Ignacio Belando — Blog

RAG in production — what actually breaks, and why retrieval matters more than the prompt

Tue, 21 Apr 2026 00:00:00 GMT

Every team that ships a RAG system ends up saying some version of "our retrieval is the bottleneck, not the model". After auditing and building several RAG pipelines in production, I can say that's basically always true. The prompt is the last 5% of the work. The retrieval is the 95% that decides whether answers are right.

This post covers what I've learned in production RAG work, including the patterns that consistently fail, the ones that survive, and the cases where RAG is actively the wrong tool.

What "RAG" actually means in practice

Retrieval-Augmented Generation is a pipeline, not a technique. The generic shape:

Ingest: take documents, chunk them, generate embeddings, store in a vector database
Retrieve: on a user query, generate a query embedding, find nearest chunks
Augment: concatenate retrieved chunks into the prompt
Generate: call the LLM with the augmented prompt

Every step has a dozen decisions, and getting any one of them wrong ruins the output.

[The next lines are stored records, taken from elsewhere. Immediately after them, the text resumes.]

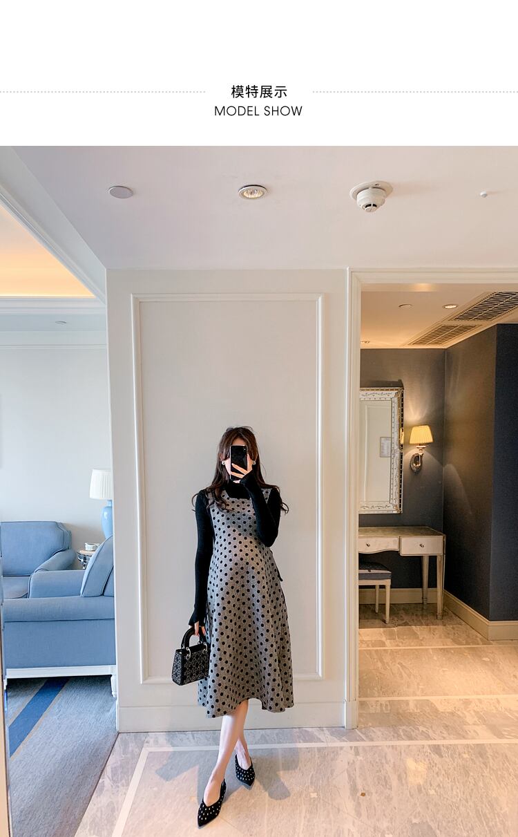 楽々2点セット おしゃれ かわいい マタニティウェア コーデュロイドレス スカート 水玉ニットシャツ hotmom92904172216
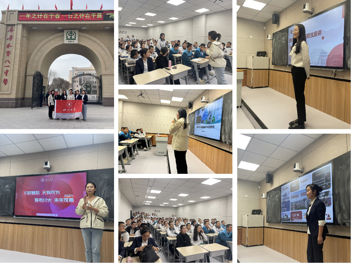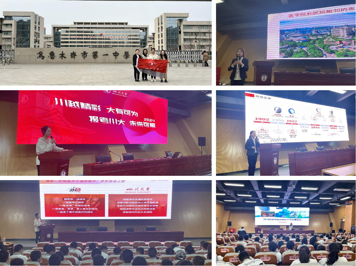 为贯彻落实习近平总书记关于教育的重要论述和党的二十大精神,加强与新疆维吾尔自治区重点中学的交流联系,4月13日-17日,由我院牵头组织、华西临床医学院(护理学院)及商学院参与的英国威廉集团官网招生宣讲团,先后赴新疆2024年高校招生政策宣传咨询会、乌鲁木齐八一中学、乌鲁木齐市第一中学开展招生宣传工作。
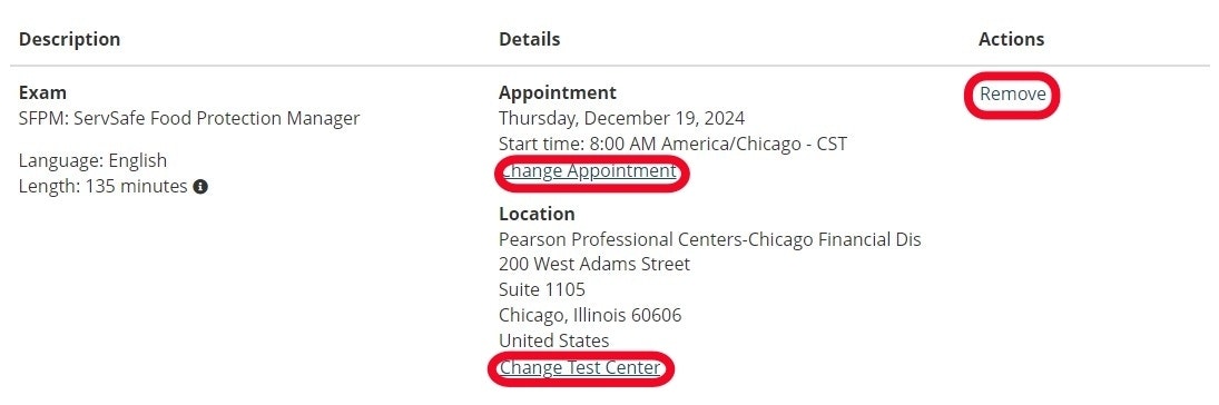 Under the Pre-approved Exams section, select the ServSafe Food Protection Manager Exam link.
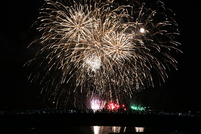 見どころは、夜空に咲き誇る大輪の花火や華やかなスターマインで、圧巻の光景が広がります。さらに会場には多くの屋台が並び、飲食を楽しみながら花火を観賞できます。加えてステージイベントも行われ、祭り全体を盛り上げる演出が用意されている点も魅力です。
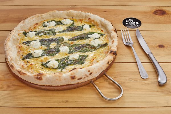 Napolitan style thin crust pizza made with San Marzano tomato sauce
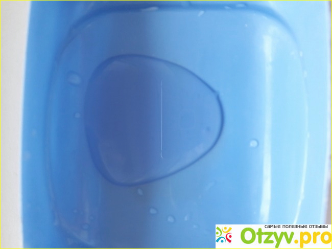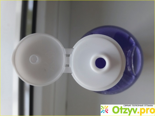 У бутылки белая закручивающаяся крышка с откидным верхом. Отверстие среднего диаметра, необходимое количество геля можно дозировать легким нажатием на бутылку.
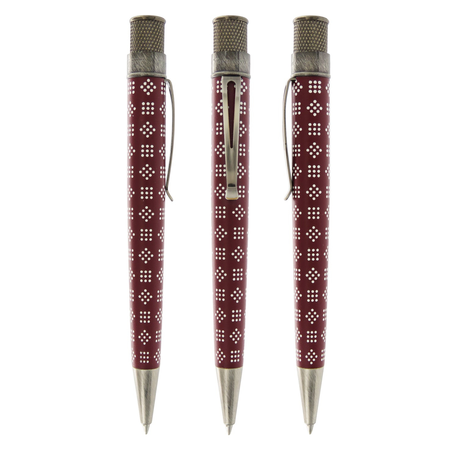 Harriet Tubman is one of America’s most iconic figures, inspiring generations. In the face of unrelenting danger, Harriet Tubman courageously risked her own life, traveling countless miles on the Underground Railroad to help other slaves find freedom and "never lost a passenger." This Tornado rollerball pays homage to Harriet Tubman. The design reproduces the pattern from a headscarf in one of her most well-known photos. The stainless barrel has a lightly textured base coat with pattern printed on top and is finished with antique silver trim and her portrait on the finial. Each pen is packaged in a commemorative tube. May all who write with this pen be moved by Tubman's daring, courage and generosity.
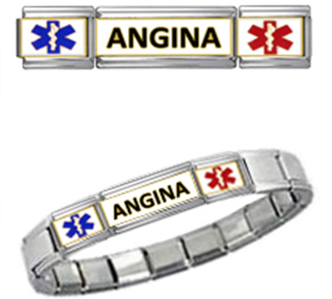 ANGINA MEDICAL ALERT ID 9mm + Italian Charm SILVER TONE SHINY POLISHED Starter Bracelet
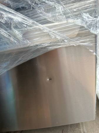 —brand new, still has plastic film from manufacturer but has a small dent on bottom right drawer (I took a photo of it)
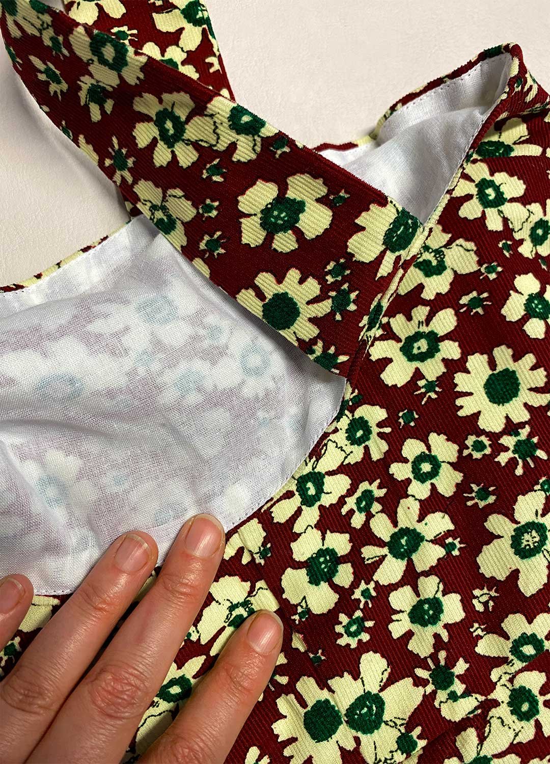 Features: bandeau bodice, wide shoulder straps, fine cotton bodice lining, side seam pockets + A-line skirt
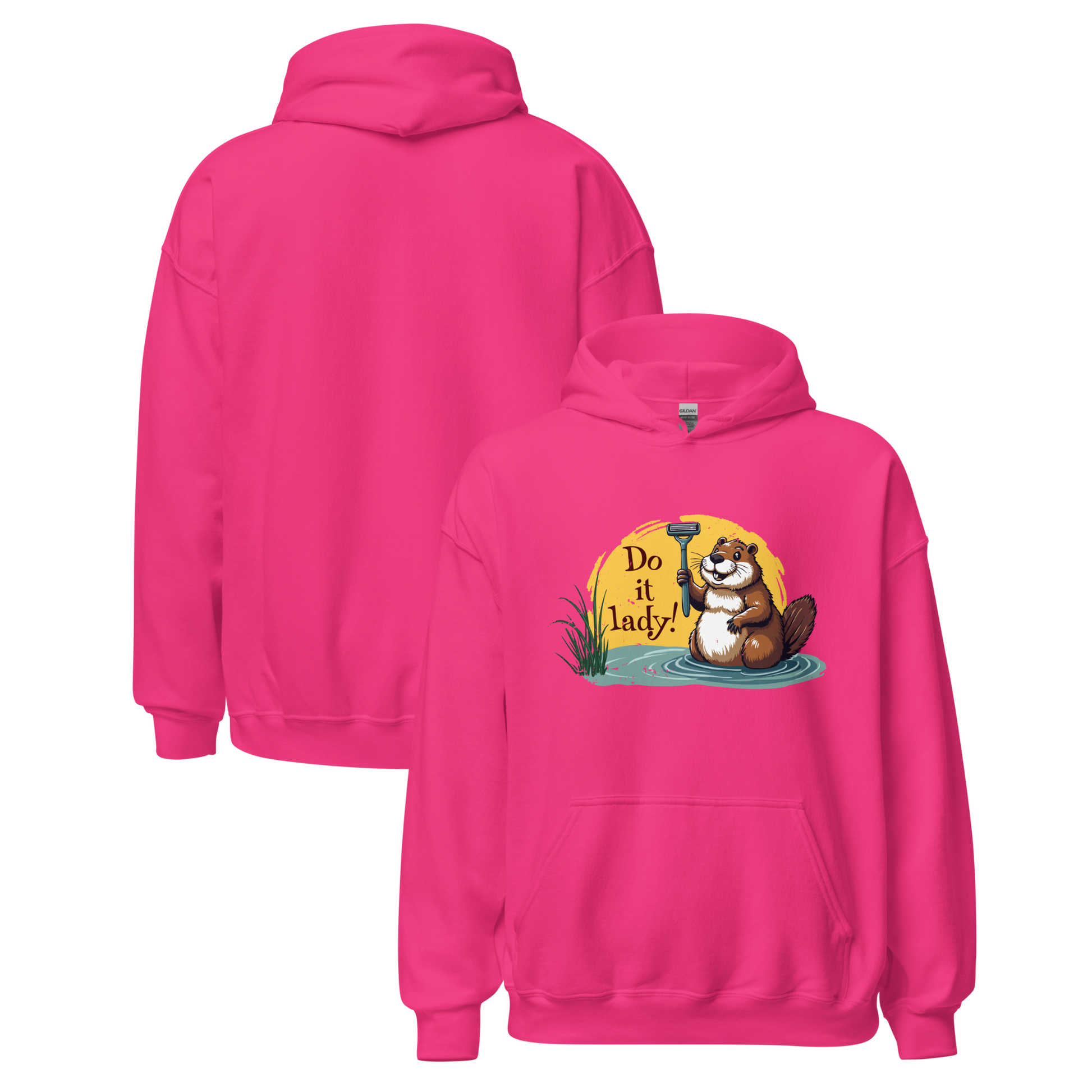 “Do It lady!” Funny Beaver Women’s Hoodie – Quirky Humor Graphic Pullover, Novelty Top
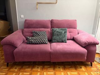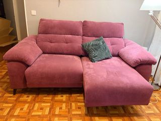 Como NUEVO! factura de 2024. Costó 900€ (rebajado) !!!! Es un sofá súper cómodo versátil y bonito. Se puede probar!!! OPORTUNIDAD POR MUDANZA. -Puede usarse tipo ches longue, con un bloque extendido; extender los 2 bloques, tipo sofá XXL o cama; y tipo sofá normal, plegando ambos bloques. -Ambos bloques tienen sistema extensible de carro, gran estabilidad (no se quedan flotando al extenderlos sino con apoyo de unas patas con ruedas) -Color rosa azalea / fucsia. Tapicería antimanchas lavable. -Patas estilo vintage altas, puedes pasar aspirador sin problema. Como nuevo, solo tiene un pequeño desperfecto en un pespunte derech
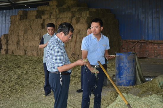 宁夏回族自治区吴忠市盐池县,以技术入股宁鑫生态牧场的90后返乡创业者冯欢(右一),向来访者介绍盐池县本地产的中草药饲草——柠条的加工使用情况。受访者提供
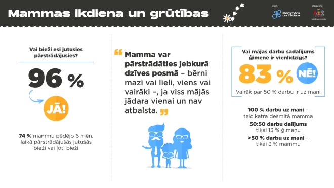 96 % mammu atbild ar jā. Turklāt 74 % no tām ir jutušās pārstrādājušās bieži vai pat ļoti bieži. Kas zīmīgi, 85 % respondentu teic, ka lielākā daļa atbildības un pienākumu par mājas un bērnu lietām ir mammai – vienlīdzīgs ikdienas darbu dalījums ir tikai 13 % ģimeņu, uzskata mammas. Vienlaikus katra otrā mamma prasot palīdzību ikdienas darbu veikšanā un viņai tā tiek dota, tomēr laika, lai rūpētos par sevi, mammām ir ļoti maz – no 15 minūtēm līdz stundai.
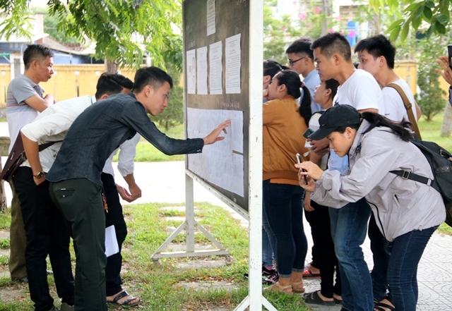 Kiểm tra thông tin số báo danh, phòng thi tại bảng thông báo ở điểm trường thi
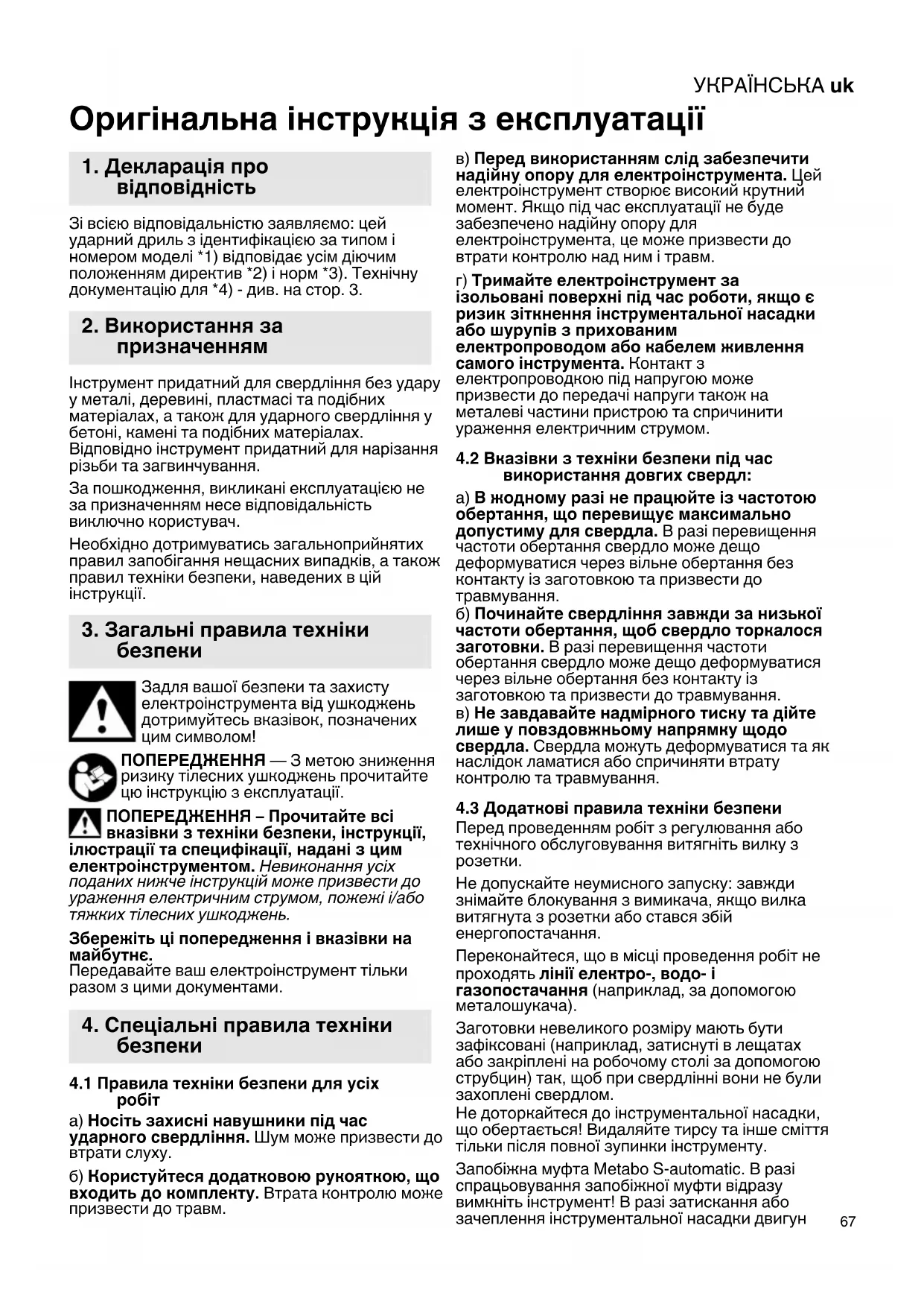 Оригінальна інструкція з експлуатації Зі всією відповідальністю заявляємо: цей ударний дриль з ідентифікацією за типом і номером моделі *1) відповідає усім діючим положенням директив *2) і норм *3). Технічну документацію для *4) - див. на стор. 3. Інструмент придатний для свердління без удару у металі, деревині, пластмасі та подібних матеріалах, а також для ударного свердління у бетоні, камені та подібних матеріалах. Відповідно інструмент придатний для нарізання різьби та загвинчування. За пошкодження, викликані експлуатацією не за призначенням несе відповідальність виключно користувач. Необхідно дотримуватись загальноприйнятих правил запобігання нещасних випадків, а також правил техніки безпеки, наведених в цій інструкції. Задля вашої безпеки та захисту електроінструмента від ушкоджень дотримуйтесь вказівок, позначених цим символом! ПОПЕРЕДЖЕННЯ — З метою зниження ризику тілесних ушкоджень прочитайте цю інструкцію з експлуатації. ПОПЕРЕДЖЕННЯ – Прочитайте всі вказівки з техніки безпеки, інструкції, ілюстрації та специфікації, надані з цим електроінструментом. Невиконання усіх поданих нижче інструкцій може призвести до ураження електричним струмом, пожежі і/або тяжких тілесних ушкоджень. Збережіть ці попередження і вказівки на
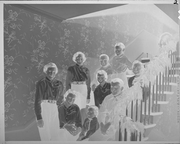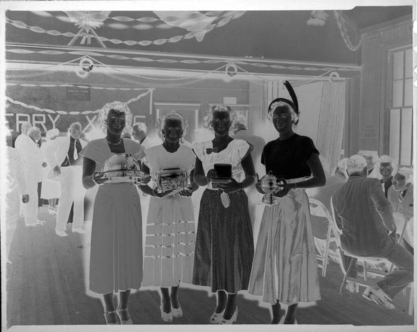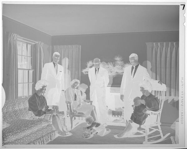 Curator: This photograph by Martin Schweig, currently held at the Harvard Art Museums, captures two young couples alongside an older couple posed in what appears to be a festive gathering. Editor: It's remarkable how the inverted tones lend a ghostly quality, almost as if we're looking at figures emerging from a dream. The high contrast emphasizes the formality of their attire. Curator: Absolutely. Consider the social context—the presence of an older couple perhaps signifies tradition, while the younger ones might symbolize evolving societal norms around relationships and celebrations. Editor: And notice how the composition is structured; the partition and plants visually separate the couples, creating interesting spatial dynamics and inviting a semiotic reading of generational divides. Curator: Indeed, the plants act as a soft barrier, almost a metaphor for the different stages of life and relationships that the figures embody. This imagery reflects Schweig's concern with themes of social transition and family. Editor: Looking closer, I find the texture adds another layer. The slight graininess gives it an authentic, almost nostalgic feel that enhances the photo's enigmatic mood. Curator: Schweig used photography to document and subtly comment on the social mores of his time. It invites us to ponder what aspects of social gatherings have changed and what has stayed constant. Editor: An intriguing photograph that offers rich visual and social commentary.

When your RAG system returns garbage, the LLM is rarely the problem — it's that you retrieved the wrong chunks, or chunked the source documents in a way that destroyed meaning, or your query embedding didn't match the document embedding because the user asked differently than the docs were written.

The chunking problem

Chunking is the first big decision and the one most teams get wrong.

Fixed-size chunking (split every N tokens, with overlap) is the default in most tutorials and works for nothing. Slice a legal contract every 512 tokens and you'll split a sentence across chunks, separate a definition from its use, and return a chunk that starts mid-paragraph with no context.

Semantic chunking (split on natural boundaries — paragraphs, sections, headings) works much better for documents with structure. For a product manual, split on H2/H3 headings. For legal text, split on sections. For code documentation, split on function or class boundaries. The chunks become self-contained units of meaning.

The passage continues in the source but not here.